Additionally, Oracle has introduced "order by" elimination with 10g. Unfortunately, sometimes "order by" is quite useful when dealing with scalar subqueries and thus one may need to use the no_eliminate_oby hint.
There is another hint that can be used to swap the join inputs of a hash join (/*+ use_hash(t3) swap_join_inputs(t3) */). 10g also allows use of the no_swap_join_hint to further fine-tune exactly which table you want to be thrown into memory as the "first" table.
Section 4: Advanced Features
The MIN/MAX optimization that we talked about earlier has another nice little feature. It is not a filter predicate, but rather an access predicate, meaning it gets exactly the one little piece of data that it wants and nothing else.
Have to watch query plans. If you expect an optimal subquery but see a filter operation for it, you may want to re-evaluate it.
Remote operations are quite an interesting phenonemon when it comes to query plans. Although remote statistics are fetched, they are not fully used when generating a query plan. For instance, a 3-table join may be ordered such that a remote table is joined to a local table, which is then joined to a remote table. How much sense does that make? In most cases, the query will perform better if remote operations are done in as large a chunk as possible (and reasonable), instead of making many small trips back and forth.
Parallel operations are quite unique. Contrary to popular belief, they are not always a good thing.
Parallel query is designed to be brutal and inefficient.
I believe Jonathan said this because the idea of parallel query is to use up more resources (ie, more CPU) than a serial query would. In fact, it attempts to max out the CPU in an attempt to get the query done as fast as possible. I think he even said that parallel query should never be used in an OLTP database, but I did not write that down, so I could be wrong about that.
Anyway, parallel query has to be carefully tuned, for it is far too easy to thrash your system. Looking at an explain plan and trace files, we have to be careful about what we find. The infamous "idle" waits associated with parallel operations may indicate problems, or the may not, it depends on where they are happening. If an explain plan shows many P->P (parallel to parallel) operations, that could easily be a source of contention. Much better to have PCWP (forgot to write the definition) operations. In the case of a HASH join, you do not want to broadcase a large table to all the parallel query slaves; instaed, broadcast the small one (for memory) and read from the disk directly for the larger table (and joined locally). For nested loops, it is better to join and aggregate smaller chunks at a time, thus reducing "an entire layer of slaves".
Near the end, I had trouble keeping up with my notes (both because my butt was sore from the hard chair, getting tired, and being overwhelmed with so much information). We moved on to partitioned queries, and talked about the benefits of being careful when designed partitions and how to take advantage of parallel query. To fully realize the potential of partition-wise joins, it is best to partition early in the plan so that correllated, similar work can be parallelized.

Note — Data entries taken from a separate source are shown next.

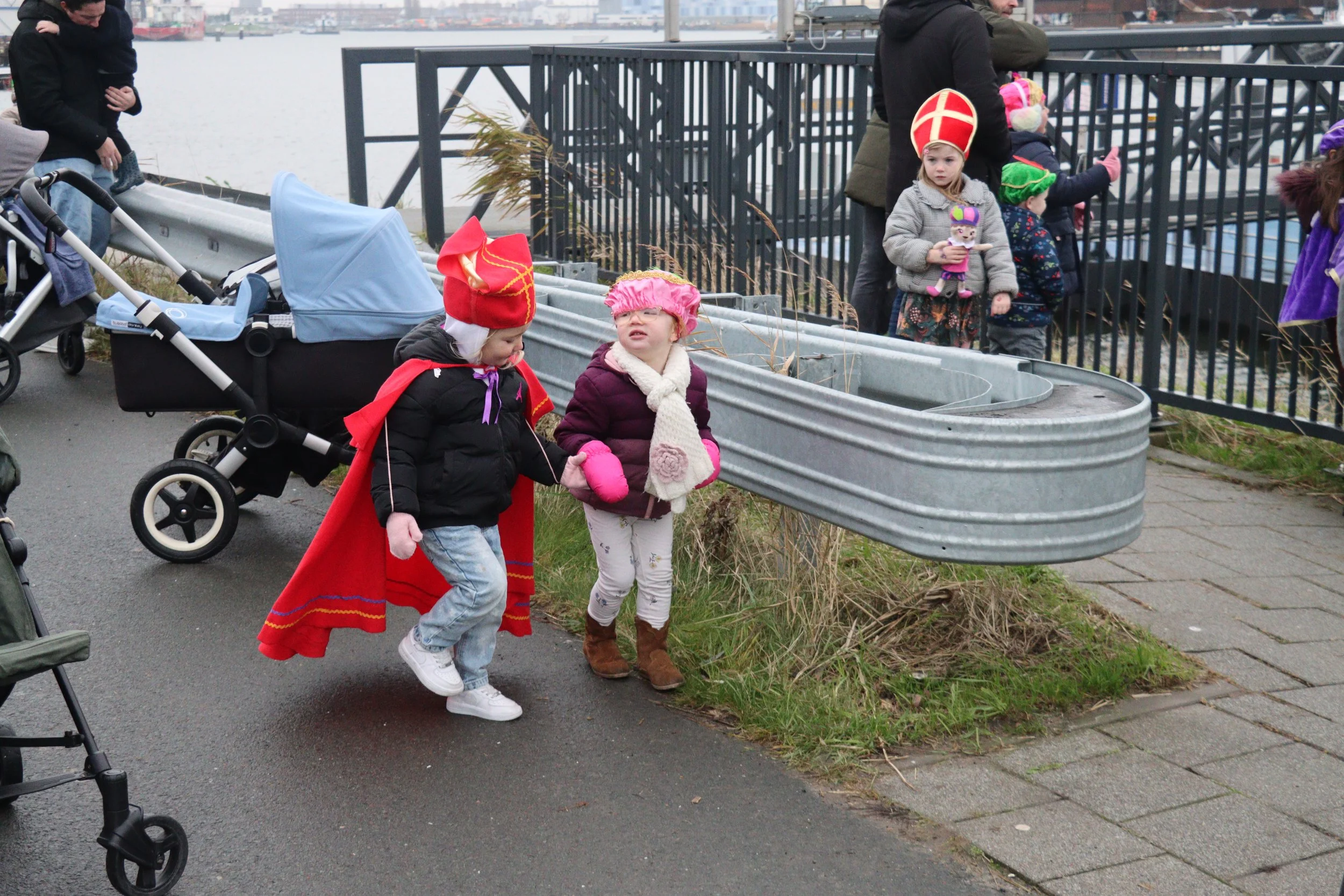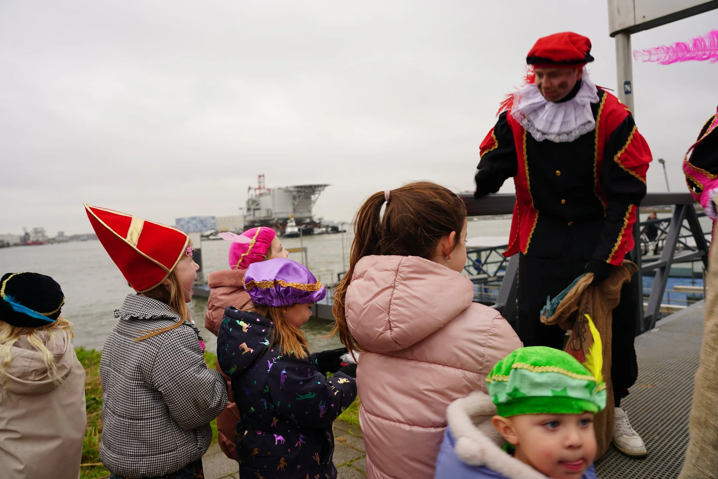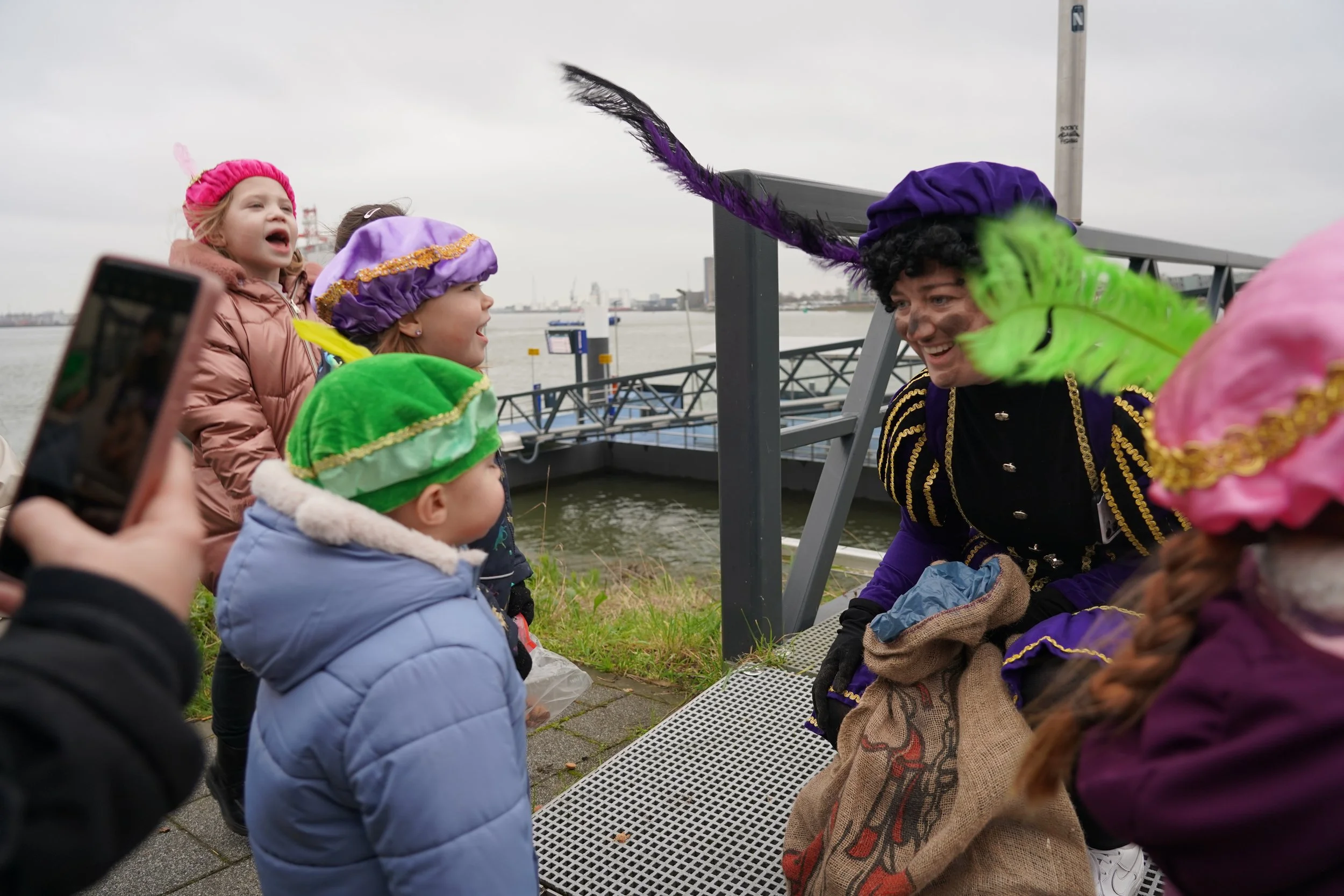 Na een warm welkom op de kade trok het gezelschap richting de speeltuin. Daar barstte het feest los met allerlei leuke activiteiten. Kinderen konden springen op de airtrampoline, sjoelen, luisteren naar verhalen in het voorleeshoekje en hun Piet-skills oefenen op een sportief parcours. De Pieten deden vrolijk mee en zorgden voor volop gezelligheid.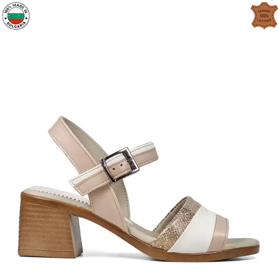 Български дамски кожени сандали от естествена кожа в бежово на удобен среден ток 2023194-1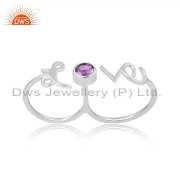 Custom Sterling Silver Love Initial Amethyst Gemstone Ring Manufacturer India
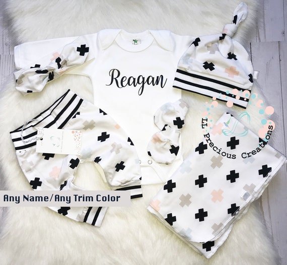 Coming Home Gender Neutral Outfit Personalized Baby Boy Girl Outfit Newborn Baby Girl Outfit Swaddle Blanket Baby Shower Gift Mittens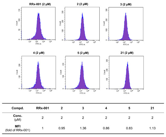 Intracellular NO generated by the tested compounds using fluorescent indicator DAF-FM DA in RBE cells. After treatment with RRx-001 and compounds 2–5 and 21 (2 μM) for 2.5 h, cells were collected, followed by flow cytometric analysis.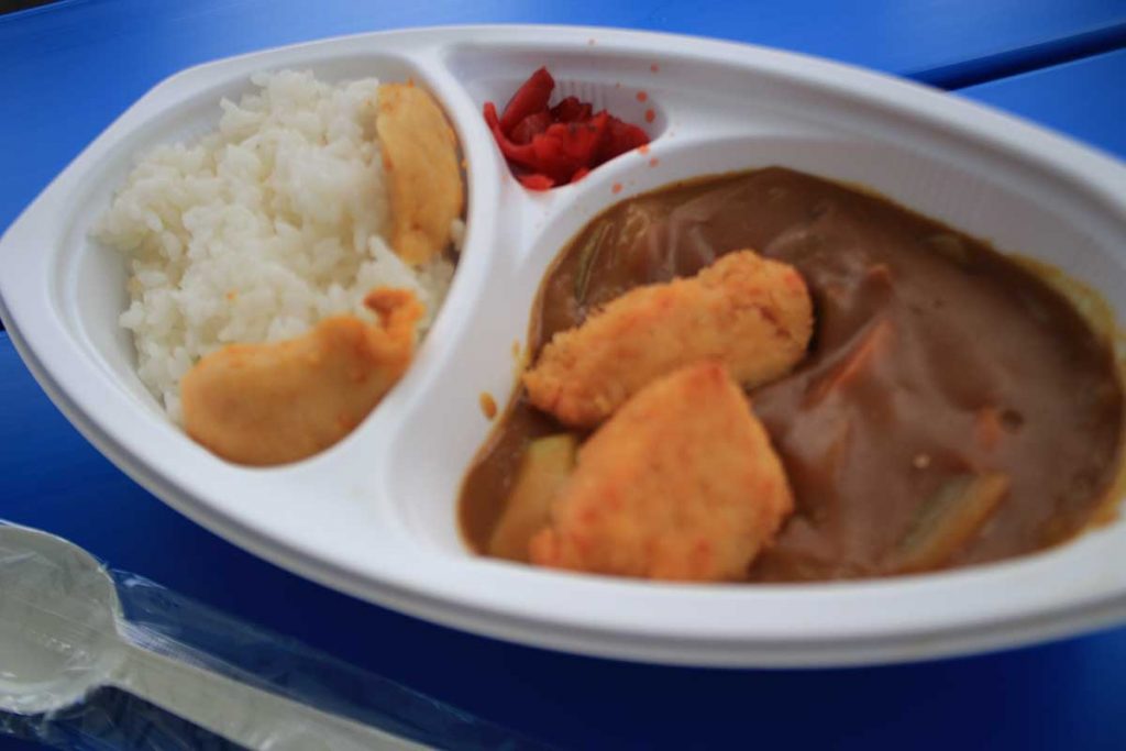 折り返し地点である神割崎ASに到着した時のバッテリー残量はまだ70%。南三陸シーフードカレーをいただきエネルギー回復!神割崎で休憩している間に小雨が降ってきたが、コース最後の北上ASに着く頃にはすっかり上がり、うにめかぶを堪能。北上川沿いを石巻に戻ってくるルートは相変わらずの向かい風で、標高差はないとはいえずっとペダルを回し続けないと進まない、ライダーにとっては辛いポイント。ですが、バッテリー残量とともに段々と気持ちの余裕が出てきたこけしの頭の中では、ZARDの「負けないで」が脳内再生されていたとか!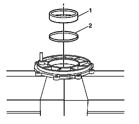 1. Install the selected shims (2) and the bearing race (1) to the new cover.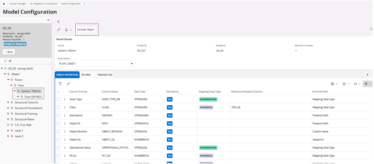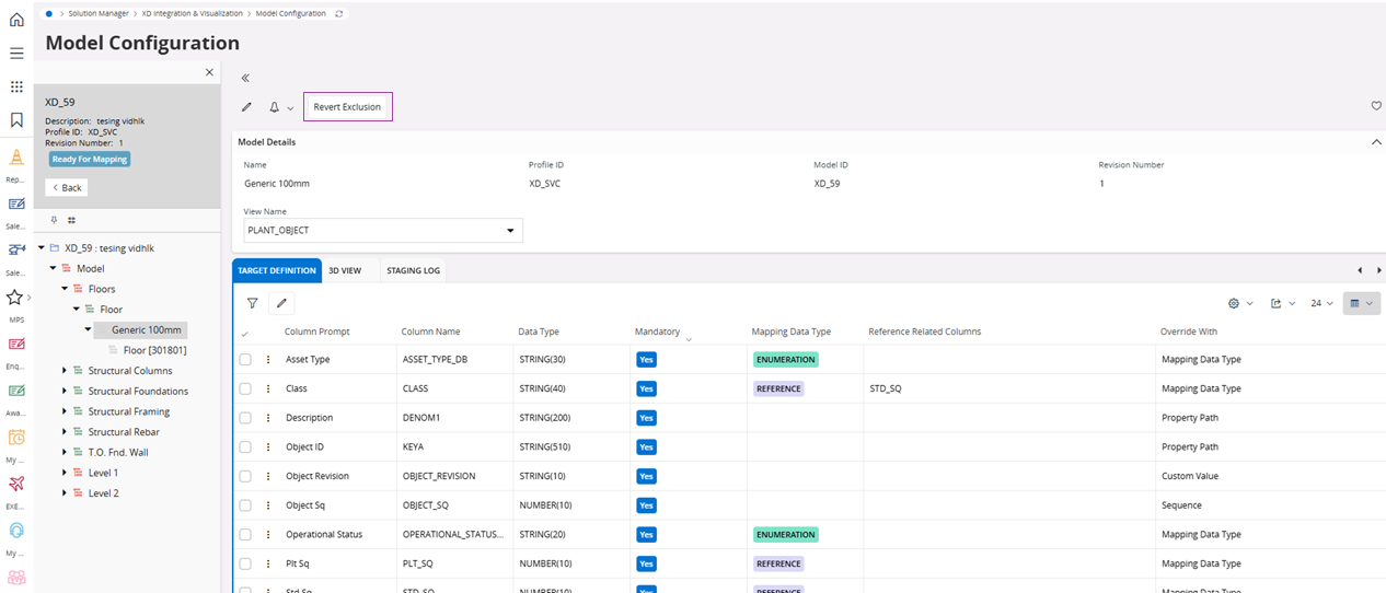 Once you choose the target view, you can view the related objects in a hierarchical tree structure on the left panel by clicking on Expand. This represents all the objects related to the model with their parent-child associations.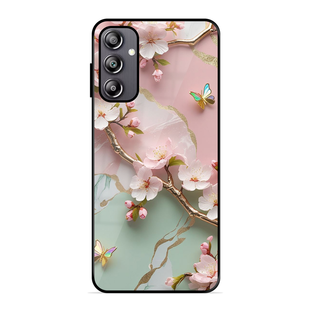 Tempered Glass Coated Metal Back Case for Samsung Galaxy A14 5G Flower With Butterfly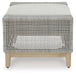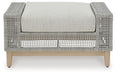 This ottoman invites your casual contemporary style outdoors. With its resin wicker in a chic neutral hue, it expertly marries refined design with durability. Breezy summer mornings and cold winter nights are made all the more comfortable with high-performance Nuvella+ fabric covering the cushion.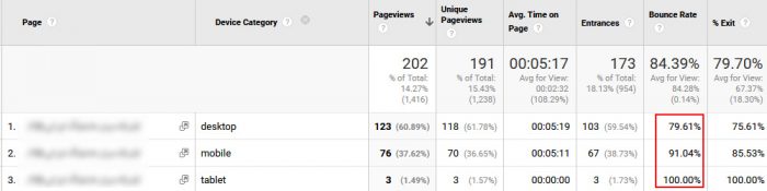 اگر مقدار Bounce Rate برای نسخه موبایل خیلی بیشتر از دسکتاپ باشد این مورد نشان میدهد کاربران سایت شما تمایلی به ماندن در آن صفحه ندارند.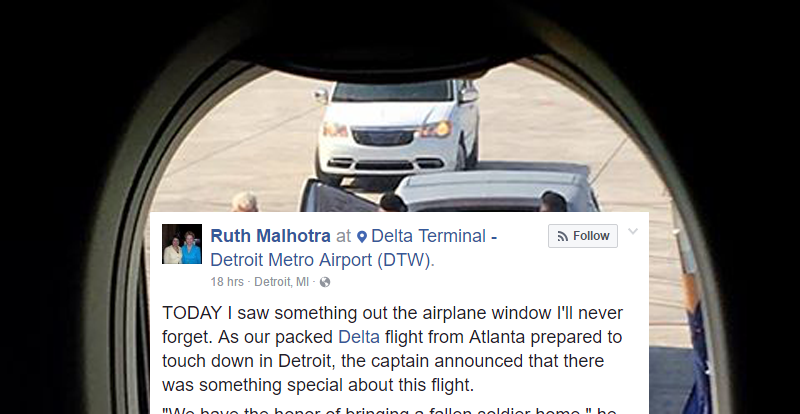 THANK YOU, PFC Wells, for making the ultimate sacrifice. Thank you, Delta, for honoring our military and especially our fallen heroes in this way. And thank you, fellow passengers of Flight 629, for the respect and unity you displayed today. I was deeply moved. #FreedomIsNotFree #CurtisJWells #DeltaAirLines #USA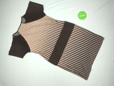 Sukienka damska z dzianiny, ołówkowa, w kolorach beż–karmel–ecru. - Krój: dopasowany, długość za kolano, rękaw 3/4 - Dekolt: łagodnie łódkowy - Zapięcie: zamek na plecach - Wzór: szerokie poziome ...

On a slightly off-topic of partition statistics, Jonathan mentioned:
You ought to be faking your statistics. Sometimes.
Especially true since subpartition statistics are not dealt with properly at all.
And finally, if you see a "PX SEND BROADCAST" in your query plan, that automatically means you are not doing any partition-wise joins. They are mutually exclusive.
One last quote from Jonathan Lewis:
You stop getting luckyIn reference to performance problems that happen all the sudden even though "nothing changes"